Crowdfunding logistics
Torque: What advice do you have for other developers who are considering crowdfunding as a means to support their development? Do you have any thoughts on using big platforms such as Kickstarter or Indiegogo versus using some of the crowdfunding plugins like Fundify?
JJJ: My experience using IndieGogo has been hugely positive so far. Their website is intuitive and easy to use, and I found their rates to be acceptable considering the effort it would otherwise take to build trust in similar functionality myself. There’s also a huge perception difference between a donate button on a blog vs. an official initiative on a campaign site like IndieGogo. Activity breeds activity, and watching a campaign be successful motivates more people to be part of it, but a donate button on a blog or website doesn’t feel as rewarding, even if in reality it’s more direct to the individual or initiative.
My advice to anyone in the WordPress community who is interested in crowdfunding their ideas is to find your passion and own it. There is so much opportunity to influence positive change that it’s a great time to hunker down and focus on the thing you think you can improve better than anyone else. It could be something big like an e-commerce platform or accessibility or internationalization, or something relatively small like creating a standard for “About” screens for plugins to use. Whatever your niche is, own it, champion it, polish and shape it into something that’s yours.

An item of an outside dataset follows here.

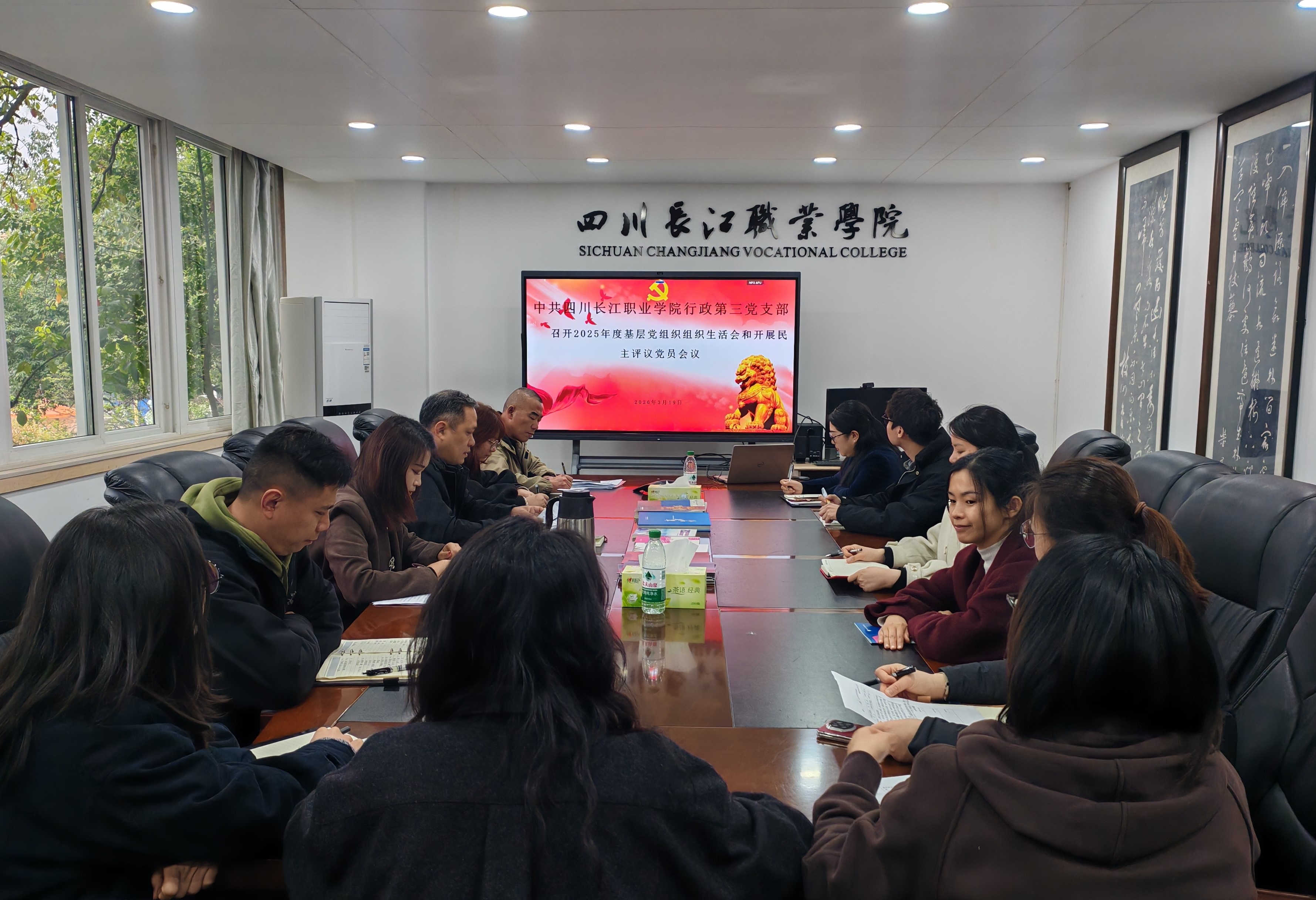 【本网消息】(高峰持续进修学院谭江供稿)2026年3月19日下午15时,按照《关于召开2025年度基层党组织组织生活会和开展民主评议党员的通知》、《四川长江职业学院关于开展树立和践行正确政绩观学习教育实施方案》等相关文件要求。行政第三党支部在行政楼206会议室召开2026年第一次基层党组织生活暨民主评议会。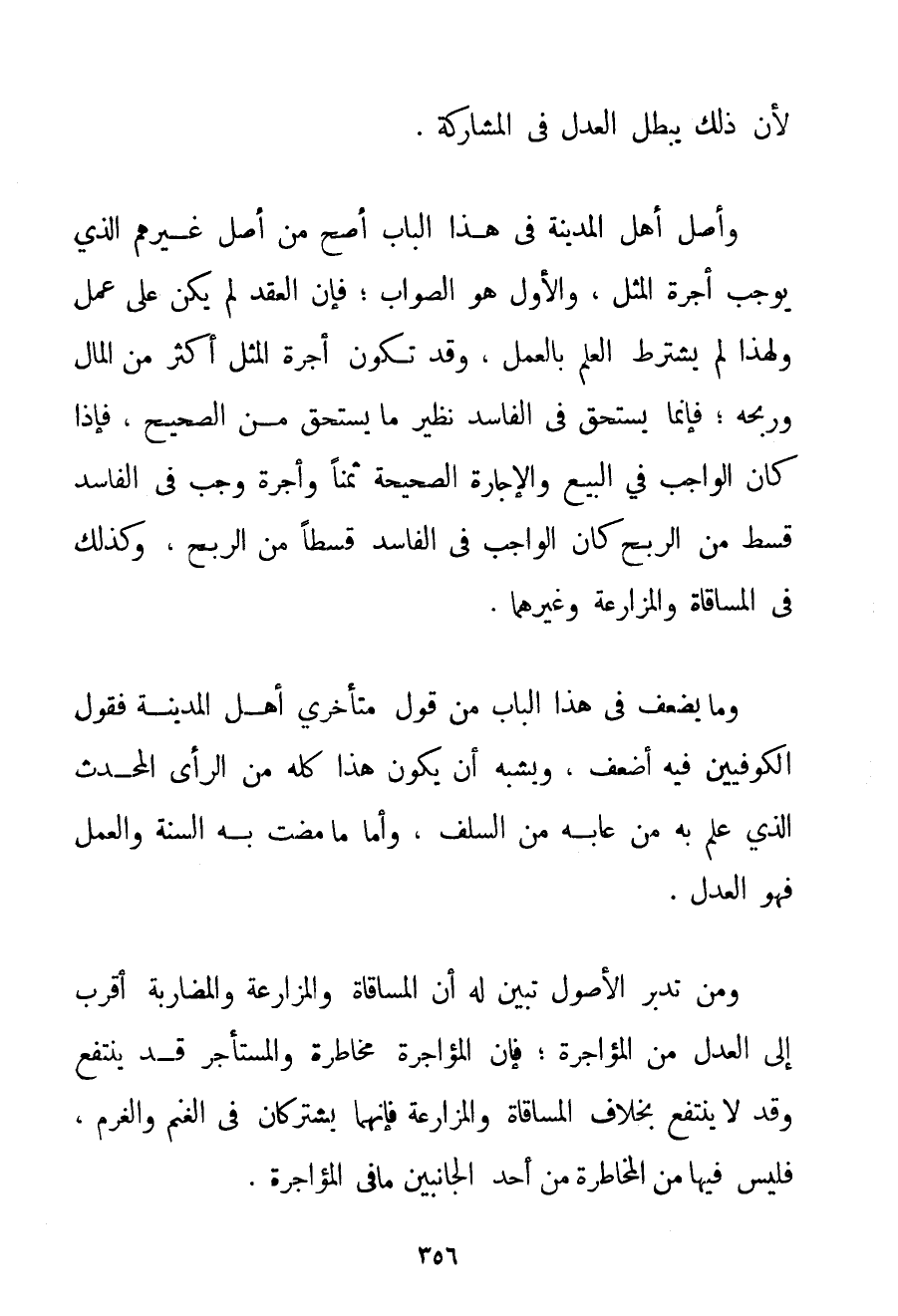 لِأَنَّ ذَلِكَ يُبْطِلُ الْعَدْلَ فِي الْمُشَارَكَةِ. وَأَصْلُ أَهْلِ الْمَدِينَةِ فِي هَذَا الْبَابِ أَصَحُّ مِنْ أَصْلِ غَيْرِهِمْ الَّذِي يُوجِبُ أُجْرَةَ الْمِثْلِ وَالْأَوَّلُ هُوَ الصَّوَابُ؛ فَإِنَّ الْعَقْدَ لَمْ يَكُنْ عَلَى عَمَلٍ وَلِهَذَا لَمْ يُشْتَرَطْ الْعِلْمُ بِالْعَمَلِ وَقَدْ تَكُونُ أُجْرَةُ الْمِثْلِ أَكْثَرَ مِنْ الْمَالِ وَرِبْحِهِ: فَإِنَّمَا يَسْتَحِقُّ فِي الْفَاسِدِ نَظِيرَ مَا يَسْتَحِقُّ مِنْ الصَّحِيحِ فَإِذَا كَانَ الْوَاجِبُ فِي الْبَيْعِ وَالْإِجَارَةِ الصَّحِيحَةِ ثَمَنًا وَأُجْرَةً وَجَبَ فِي الْفَاسِدِ قِسْطٌ مِنْ الرِّبْحِ كَانَ الْوَاجِبُ فِي الْفَاسِدِ قِسْطًا مِنْ الرِّبْحِ وَكَذَلِكَ فِي الْمُسَاقَاةِ وَالْمُزَارَعَةِ وَغَيْرِهِمَا. وَمَا يَضْعُفُ فِي هَذَا الْبَابِ مِنْ قَوْلِ مُتَأَخِّرِي أَهْلِ الْمَدِينَةِ فَقَوْلُ الْكُوفِيِّينَ فِيهِ أَضْعَفُ وَيُشْبِهُ أَنْ يَكُونَ هَذَا كُلُّهُ مِنْ الرَّأْيِ الْمُحْدَثِ الَّذِي عَلِمَ بِهِ مَنْ عَابَهُ مِنْ السَّلَفِ وَأَمَّا مَا مَضَتْ بِهِ السُّنَّةُ وَالْعَمَلُ فَهُوَ الْعَدْلُ. وَمَنْ تَدَبَّرَ الْأُصُولَ تَبَيَّنَ لَهُ أَنَّ الْمُسَاقَاةَ وَالْمُزَارَعَةَ وَالْمُضَارَبَةَ أَقْرَبُ إلَى الْعَدْلِ مِنْ الْمُؤَاجَرَةِ؛ فَإِنَّ الْمُؤَاجَرَةَ مُخَاطَرَةٌ وَالْمُسْتَأْجِرَ قَدْ يَنْتَفِعُ وَقَدْ لَا يَنْتَفِعُ بِخِلَافِ الْمُسَاقَاةِ وَالْمُزَارَعَةِ فَإِنَّهُمَا يَشْتَرِكَانِ فِي الْغُنْمِ وَالْغُرْمِ فَلَيْسَ فِيهَا مِنْ الْمُخَاطَرَةِ مِنْ أَحَدِ الْجَانِبَيْنِ مَا فِي الْمُؤَاجَرَةِ.

Pitch it to the world, be positive and responsive to feedback, and do whatever corrections you think make the most sense.
Seek out mentors, friends, and healthy relationships to help steer you in the right direction. Jen Mylo influenced me hugely in my early days contributing to core, and Matt Mullenweg took a chance inviting me into Automattic to work on Dotorg way before it was a finalized process. Andy Peatling, Ryan Boren, Peter Westwood, Nikolay Bachiyski… I learned so much about the WordPress engineering approach from their critical feedback. Jake Goldman and John Eckman taught me what a traditional agency model looks and works like, and how complex growing business operations can be.
Be thankful, humble, and appreciative of every opportunity to be taught by someone nice enough to teach you, and you’re incredibly likely to succeed no matter what your goal is. Most importantly, be considerate and kind to everyone, and respect their time by communicating clearly and concisely and skipping past being clever, something I need to remind myself on an almost daily basis.